§ Stored data entries:

>>>>

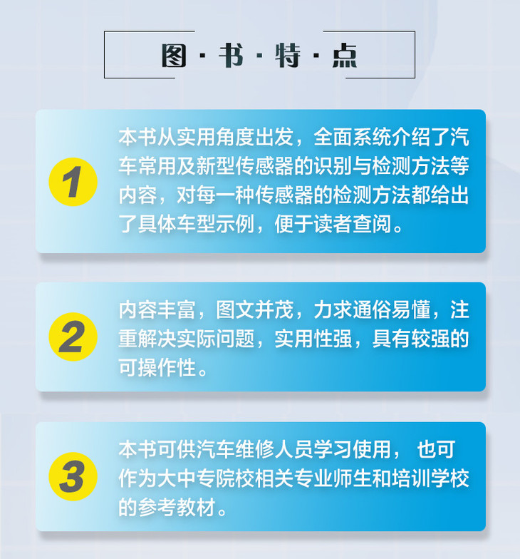 本书从实用角度出发,全面系统地介绍了汽车常用及新型传感器的识别与检测方法等内容。
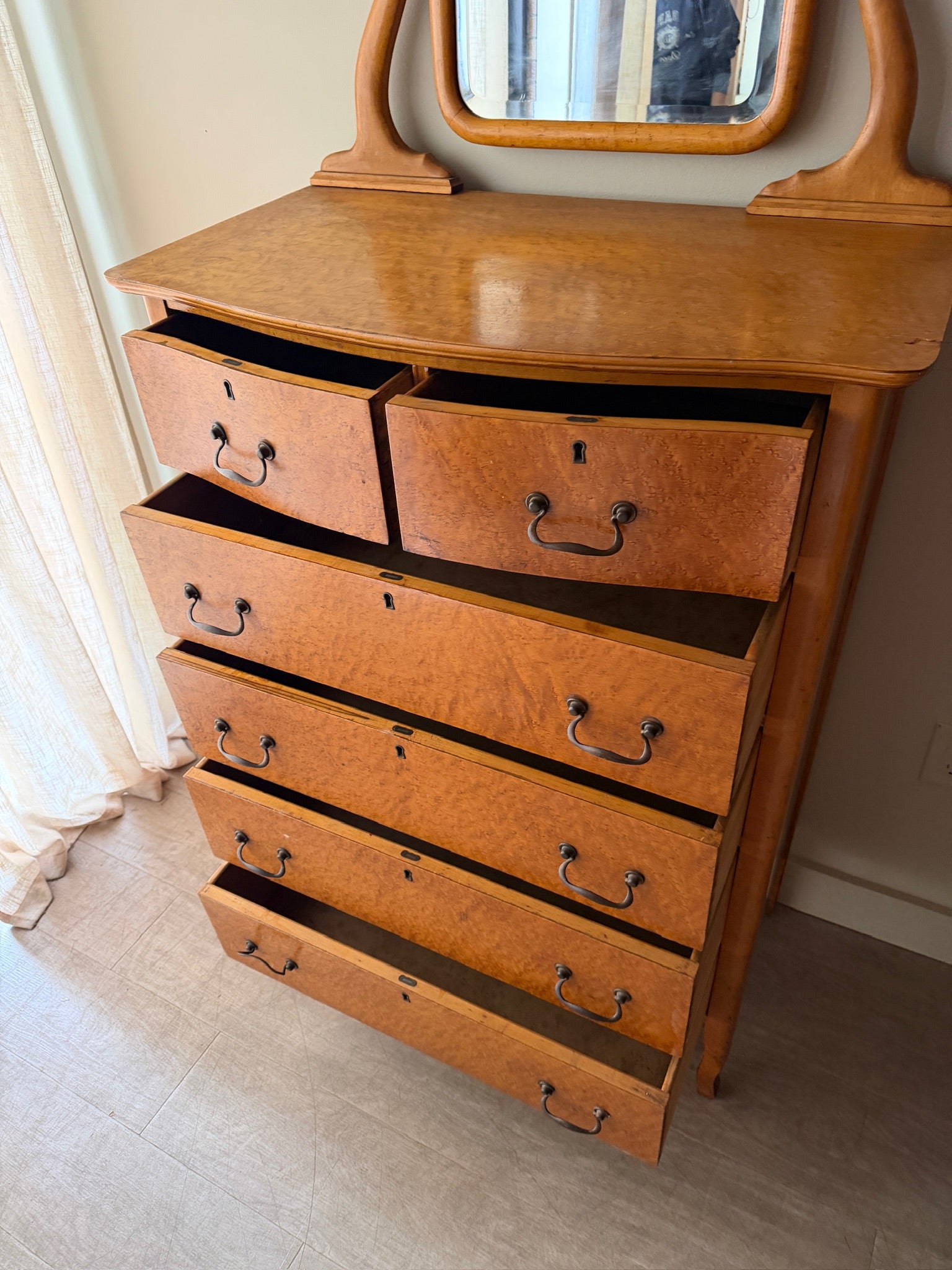 Bird’s eye maple dresser with mirror
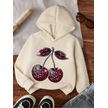 Kışlık Kapüşonlu Sweatshirt, Çocuk Pırlanta Kiraz Baskılı Bej
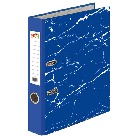 Папка-регистратор STAFF "Profit" с мраморным покрытием, 75 мм, с уголком, синяя, СЪЕМНЫЙ МЕХАНИЗМ, 272010
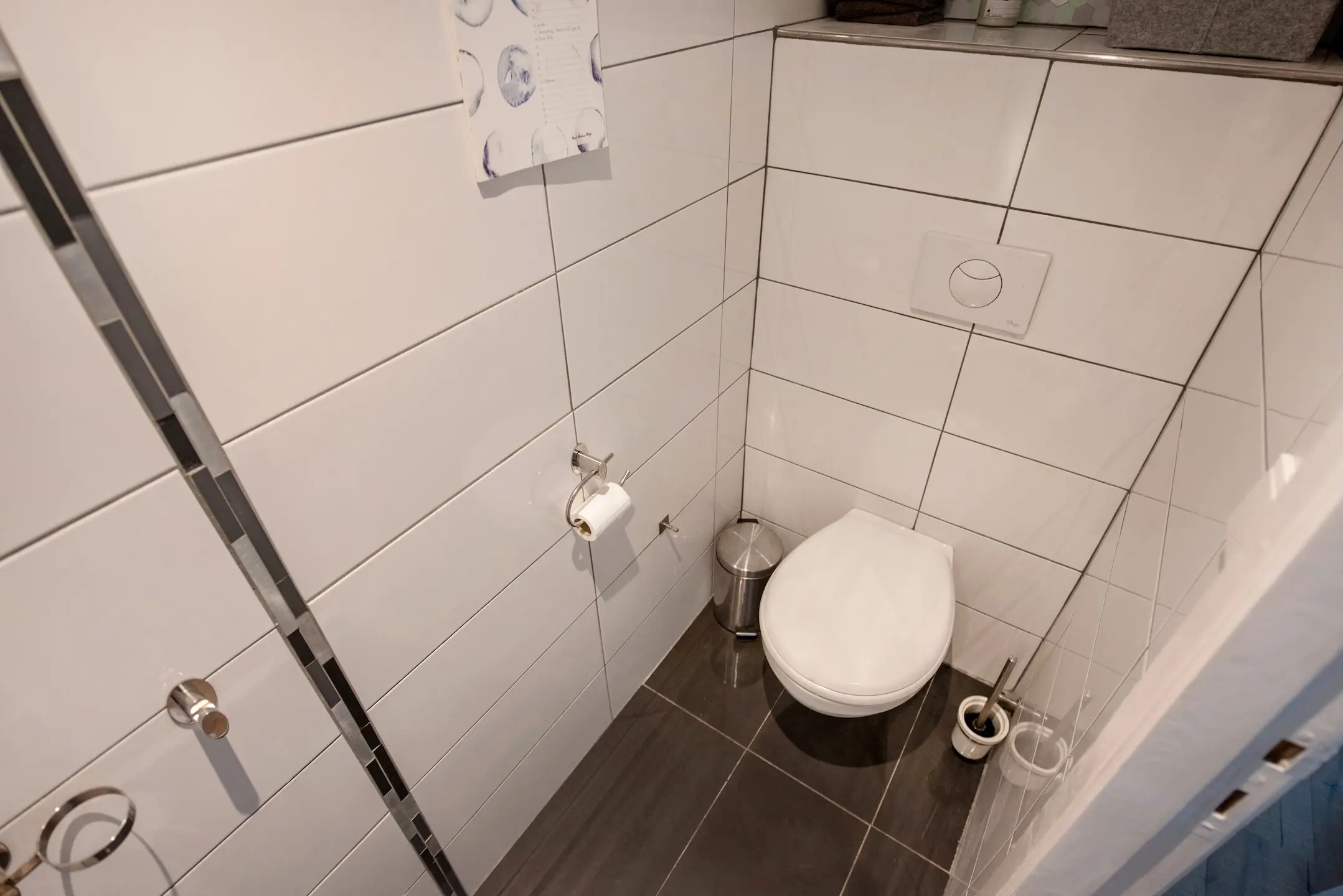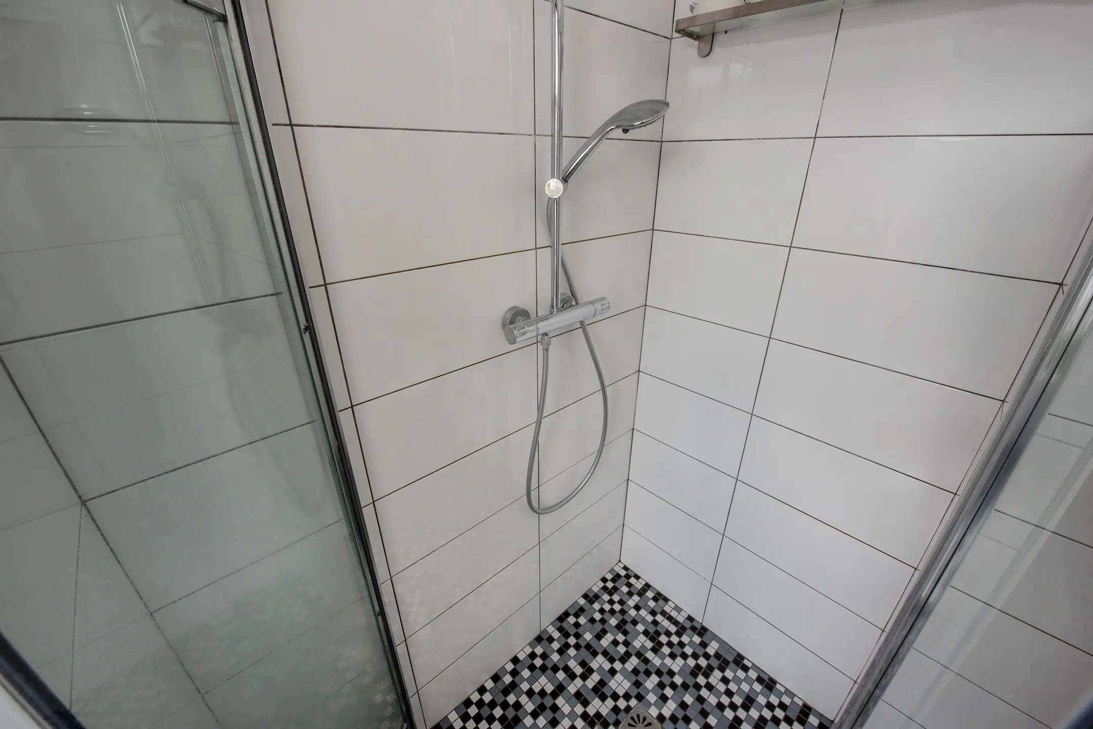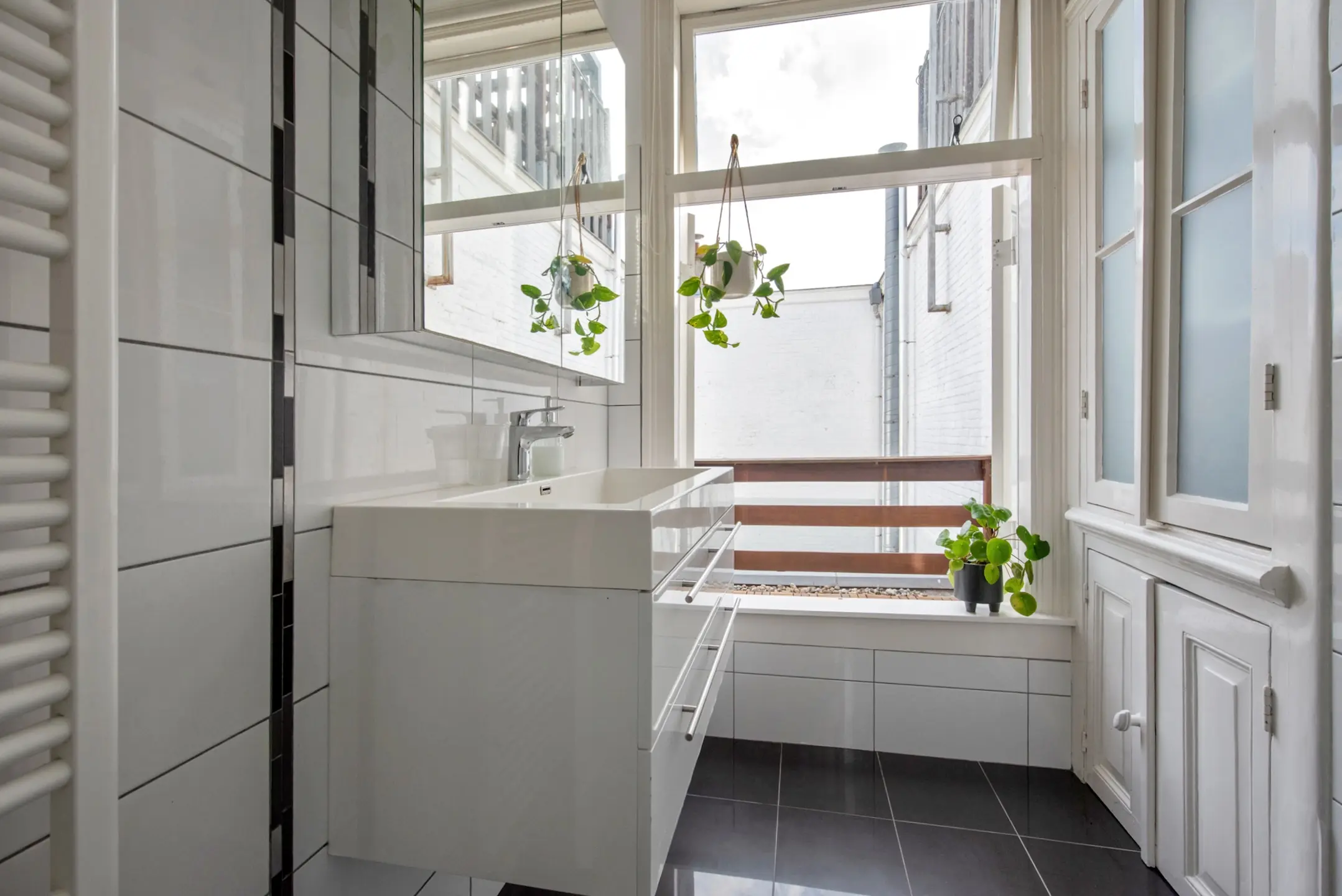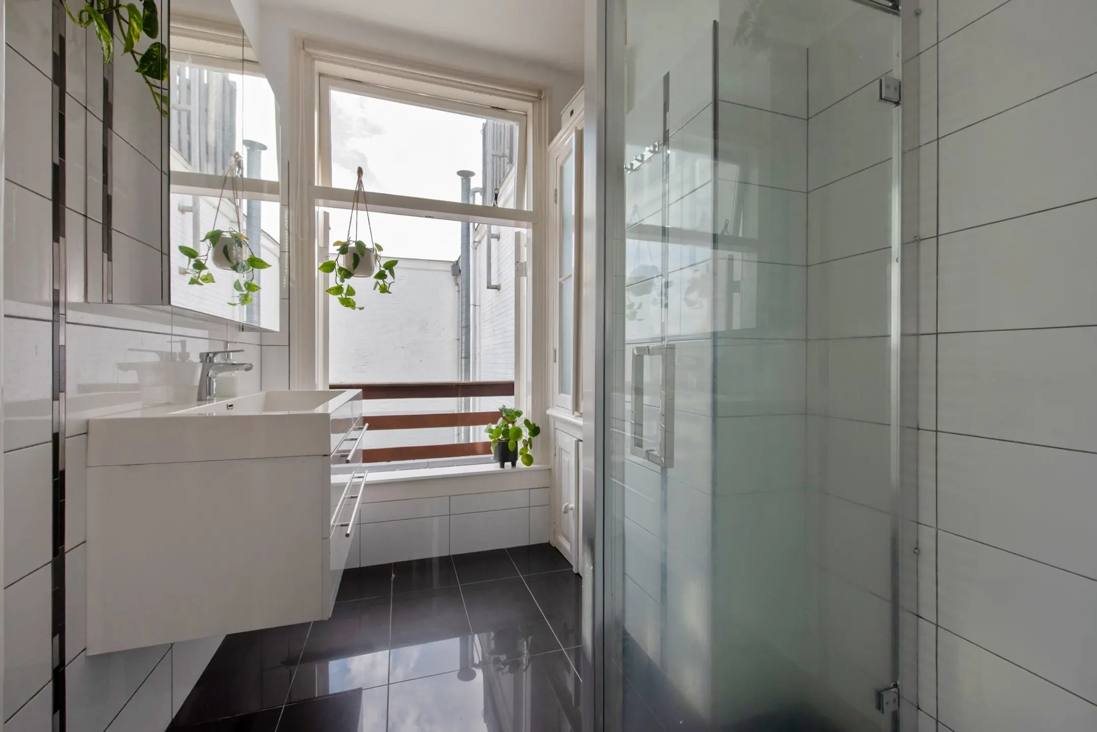 Badkamer met doucheruimte voorzien van glazen spatschermen, thermostaatkraan en Rainshower. Wastafelmeubel met spiegelkast en vaste badkamerkast. Via openslaande ramen toegang tot het balkon aan de achterzijde.
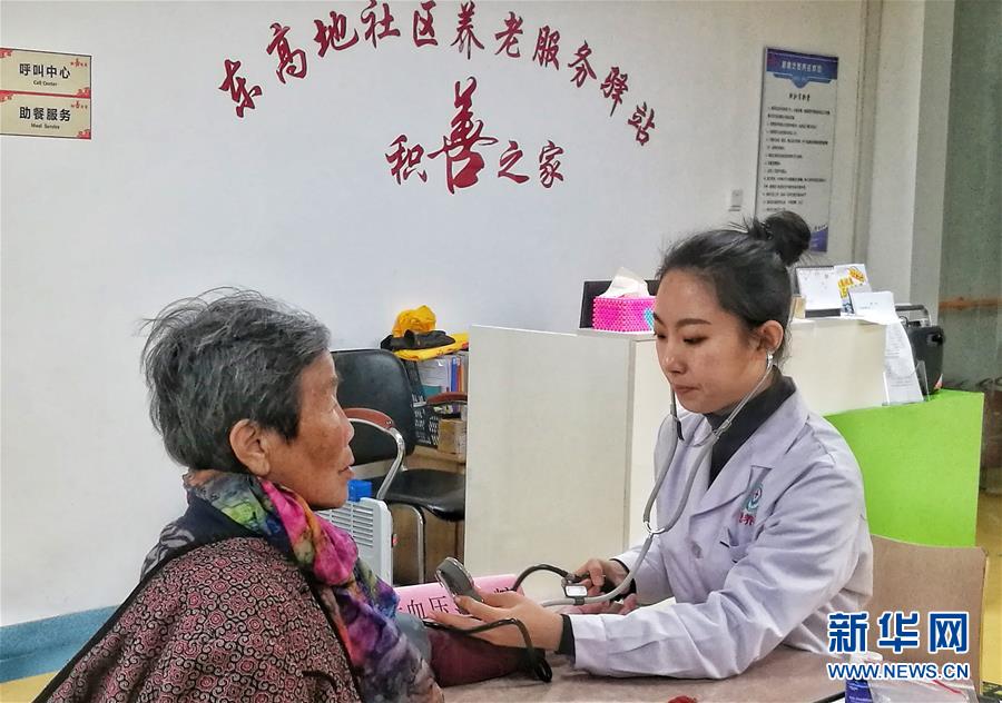 12月18日,豐臺區(qū)東高地街道養(yǎng)老服務(wù)驛站聘請的醫(yī)務(wù)人員為社區(qū)老人進(jìn)行免費(fèi)檢查。 新華社記者 李欣 攝
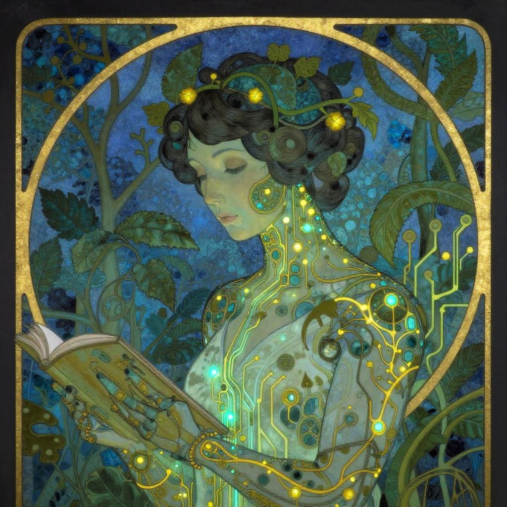 Art Nouveau Android Botanist with Bioluminescent Vines
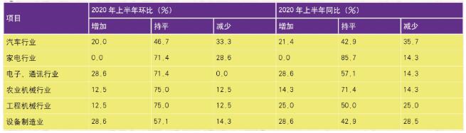 关于2020 年上半年冲压行业的市场需求情况,根据所有参加调研企业反馈,汽车行业需求预测继续减少或持平,电子、通讯行业预测需求增加,设备制造业预测有所复苏,其他行业大部分专家预测会持平。但应该说保持持平的心态最为明显,如果影响行业运行的一些因素向恶性方向转化,会导致需求减少,行业运行将十分艰难。具体数据见表10。
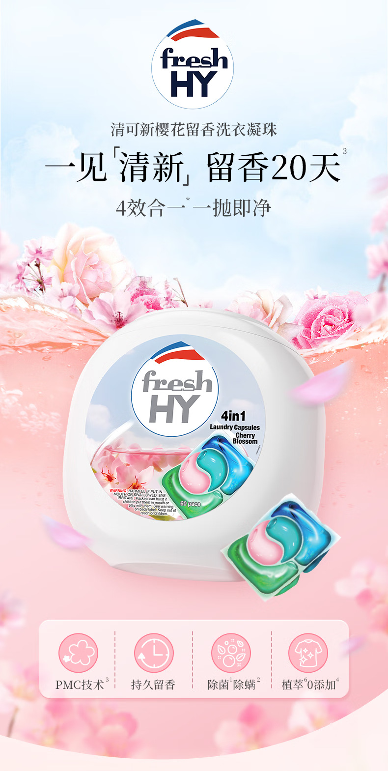 Qingkexin 세탁 비즈 벚꽃 향기 60캡슐 살균 클렌징 딥 클렌징 향기 고급 세탁 비즈 패밀리 팩스토어 가기
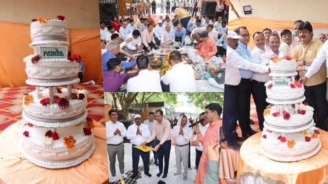 नोएडा ने 50 साल पूरे किए: स्थापना दिवस पर प्राधिकरण में जश्न का माहौल, हवन-पूजन और केक कटा
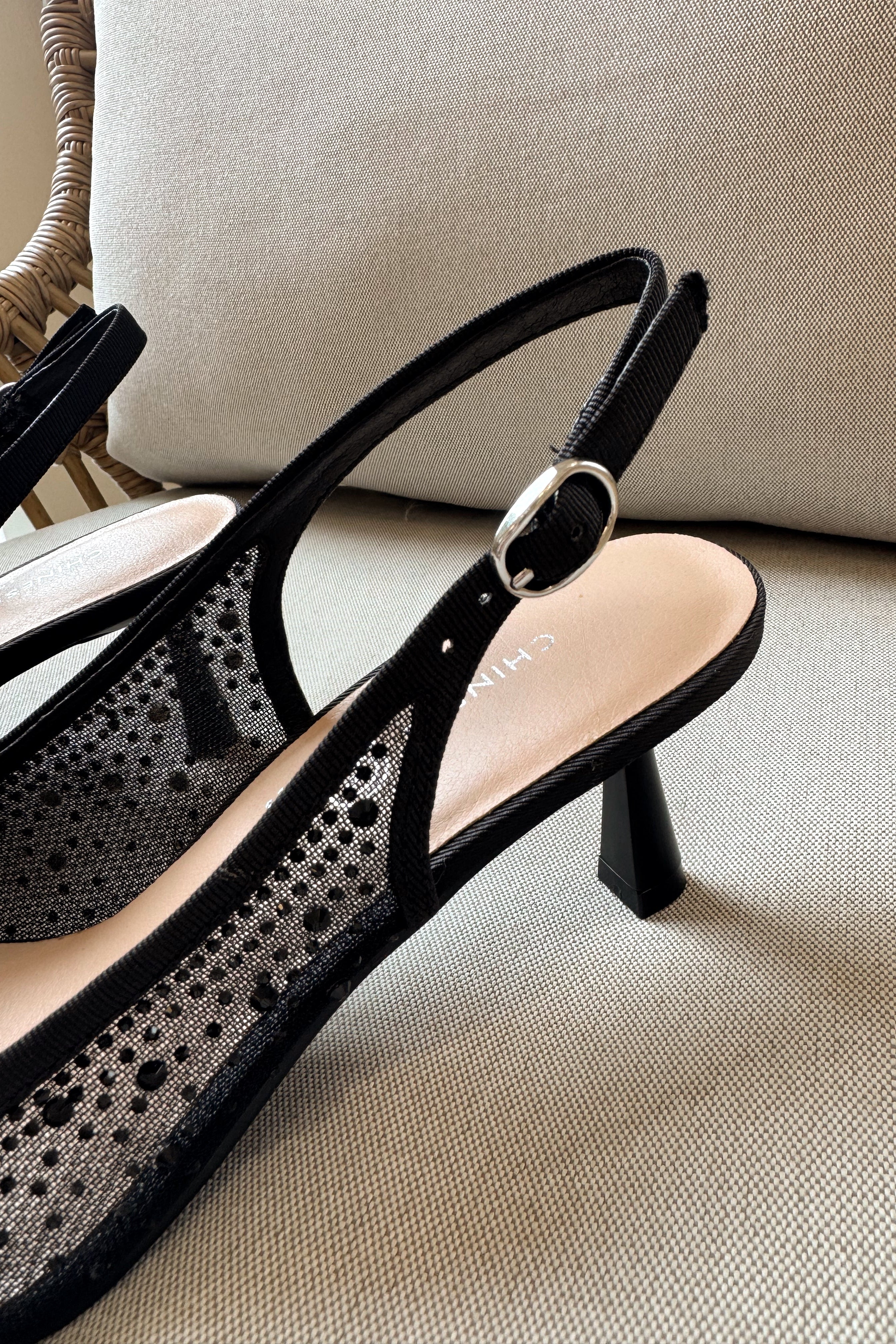 Turn heads with the Chinese Laundry Merry Mesh Slingback Pump, a sophisticated statement piece that blends modern edge with timeless elegance. Crafted with a black mesh upper adorned with sleek black stud detailing, this pump brings a touch of attitude to any outfit. The adjustable slingback strap with buckle closure ensures a secure, comfortable fit, while the pointed toe and 2½-inch heel create a flattering, feminine silhouette.
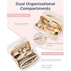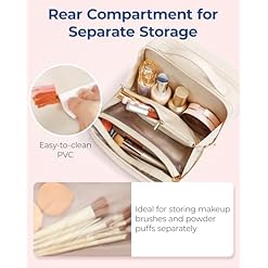【Easy-to-Clean Pockets】This makeup travel bag comes equipped with 1 PVC stain-resistant zipper pocket, ideal for storing a full set of makeup brushes, sponges, and powder puffs. A simple wipe-down keeps them clean, eliminating worries about makeup stains.
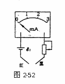 5.如图2-52所示是把量程为3mA的电流表改装成欧姆表的示意图,其中E1=1.5V。结束后若将原电流表3mA刻度处定为零阻值位置,则2mA刻度处应标多少

<<<<

§ The problem:
Give back exactly the lines from the line with "Turn heads with" through the end of the records, both included; keep all pictures out.

§ Result of the exercise:
 Turn heads with the Chinese Laundry Merry Mesh Slingback Pump, a sophisticated statement piece that blends modern edge with timeless elegance. Crafted with a black mesh upper adorned with sleek black stud detailing, this pump brings a touch of attitude to any outfit. The adjustable slingback strap with buckle closure ensures a secure, comfortable fit, while the pointed toe and 2½-inch heel create a flattering, feminine silhouette.
【Easy-to-Clean Pockets】This makeup travel bag comes equipped with 1 PVC stain-resistant zipper pocket, ideal for storing a full set of makeup brushes, sponges, and powder puffs. A simple wipe-down keeps them clean, eliminating worries about makeup stains.
 5.如图2-52所示是把量程为3mA的电流表改装成欧姆表的示意图,其中E1=1.5V。结束后若将原电流表3mA刻度处定为零阻值位置,则2mA刻度处应标多少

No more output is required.